Exercise data =
══════════

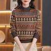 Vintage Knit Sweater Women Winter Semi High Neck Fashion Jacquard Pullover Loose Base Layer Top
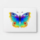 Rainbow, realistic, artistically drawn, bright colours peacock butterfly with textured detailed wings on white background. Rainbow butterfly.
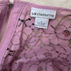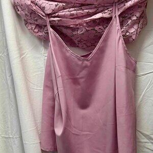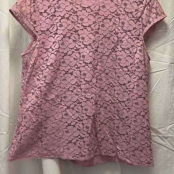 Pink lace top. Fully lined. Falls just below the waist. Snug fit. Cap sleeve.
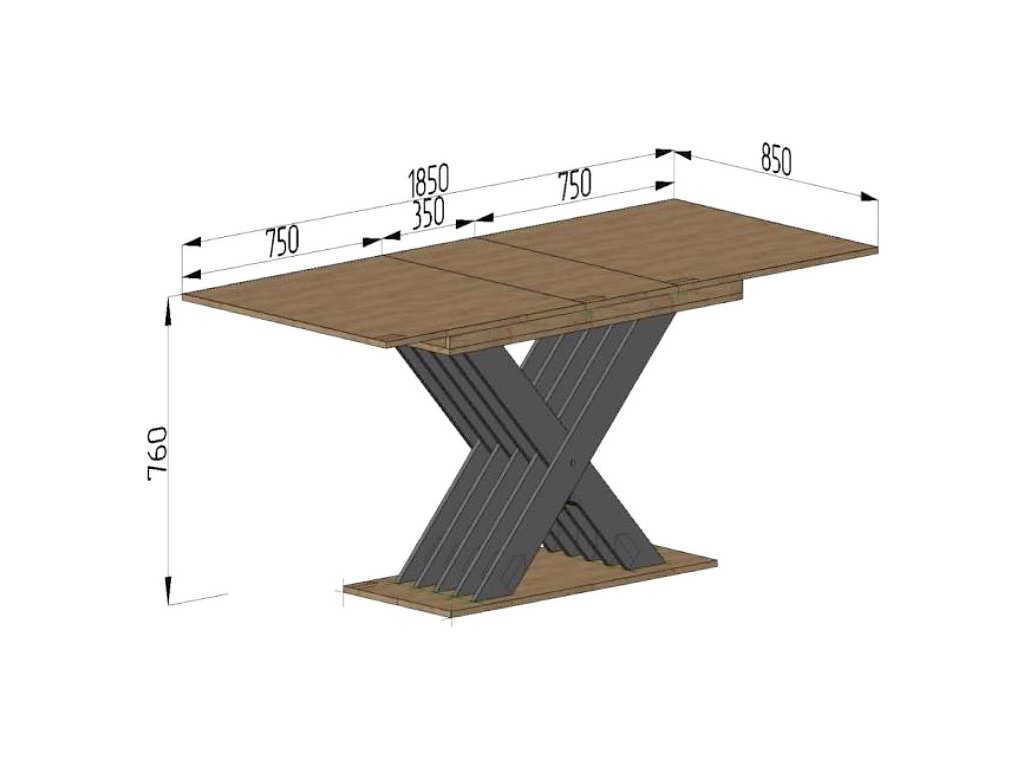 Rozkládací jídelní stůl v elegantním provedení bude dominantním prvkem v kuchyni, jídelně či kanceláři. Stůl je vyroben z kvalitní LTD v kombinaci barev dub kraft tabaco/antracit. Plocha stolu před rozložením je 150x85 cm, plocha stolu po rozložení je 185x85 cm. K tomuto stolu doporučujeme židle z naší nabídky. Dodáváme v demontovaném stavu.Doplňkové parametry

══════════

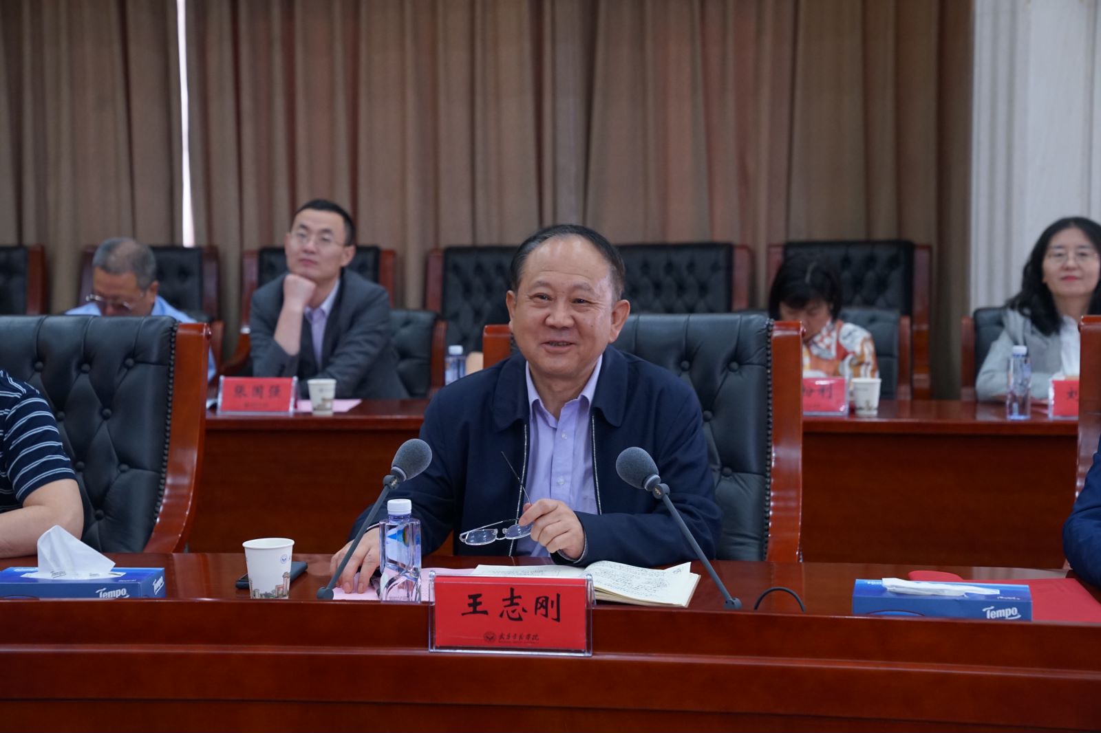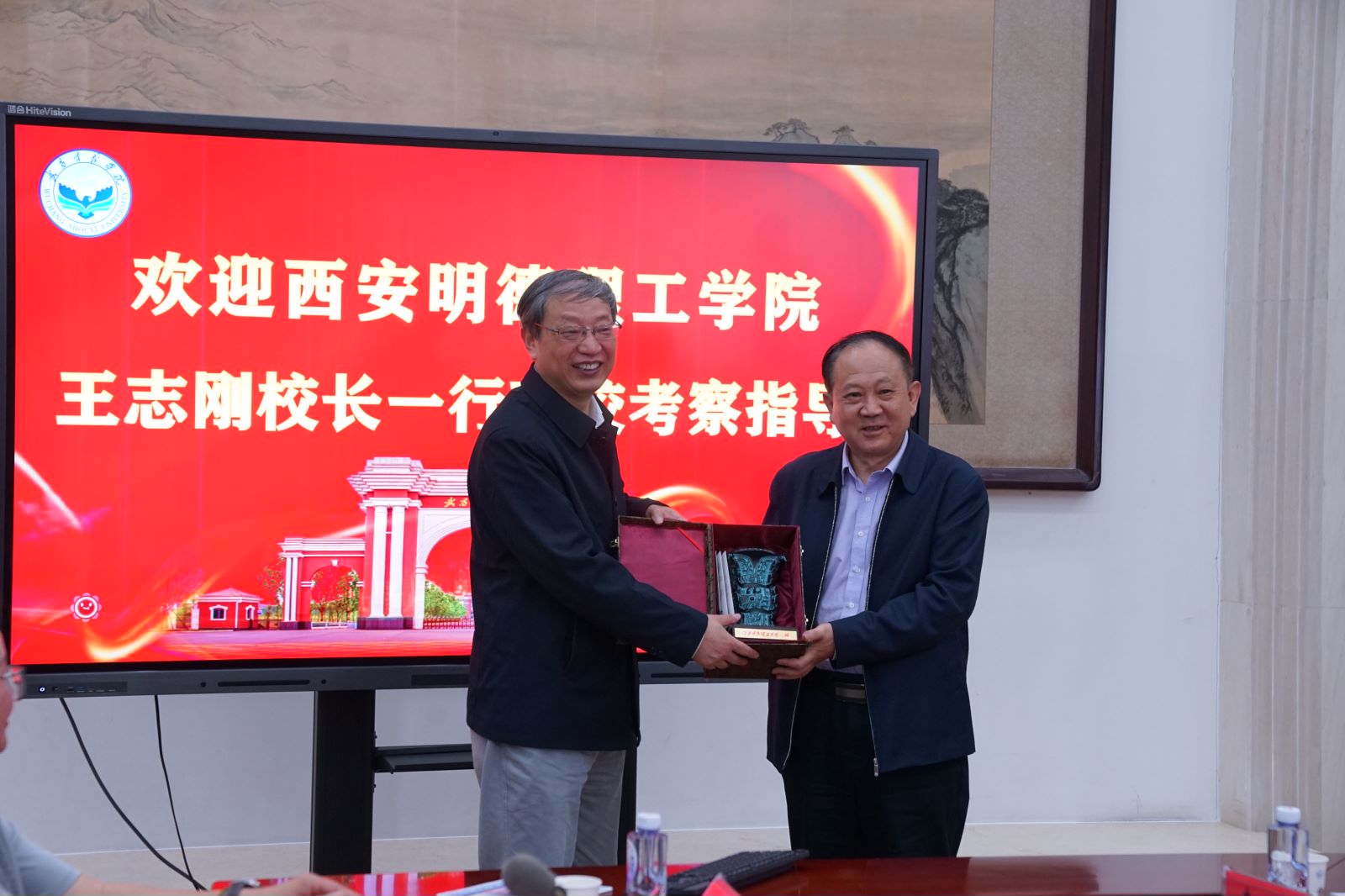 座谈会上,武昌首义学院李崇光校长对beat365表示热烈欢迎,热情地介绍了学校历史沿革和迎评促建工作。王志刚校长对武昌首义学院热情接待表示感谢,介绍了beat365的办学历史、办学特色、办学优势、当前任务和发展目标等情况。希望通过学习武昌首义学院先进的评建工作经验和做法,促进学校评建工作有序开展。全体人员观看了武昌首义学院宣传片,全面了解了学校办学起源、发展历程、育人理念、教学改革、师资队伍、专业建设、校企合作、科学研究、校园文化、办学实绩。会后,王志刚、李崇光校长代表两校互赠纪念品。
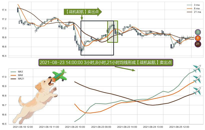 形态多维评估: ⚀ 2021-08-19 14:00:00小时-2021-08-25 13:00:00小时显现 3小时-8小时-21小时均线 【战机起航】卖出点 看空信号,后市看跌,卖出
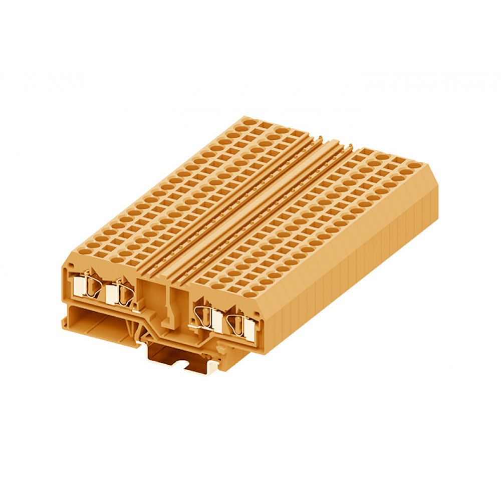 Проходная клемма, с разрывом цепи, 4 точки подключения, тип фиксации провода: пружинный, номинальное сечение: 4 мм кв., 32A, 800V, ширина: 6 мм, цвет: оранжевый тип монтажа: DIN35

══════════

What to do = Transcribe the listing above exactly, but only from the line with "形态多维评估: ⚀ 2021-08-19" through the line with "Проходная клемма, с". Include both of those lines and omit the pictures.

Problem solution =
 形态多维评估: ⚀ 2021-08-19 14:00:00小时-2021-08-25 13:00:00小时显现 3小时-8小时-21小时均线 【战机起航】卖出点 看空信号,后市看跌,卖出
 Проходная клемма, с разрывом цепи, 4 точки подключения, тип фиксации провода: пружинный, номинальное сечение: 4 мм кв., 32A, 800V, ширина: 6 мм, цвет: оранжевый тип монтажа: DIN35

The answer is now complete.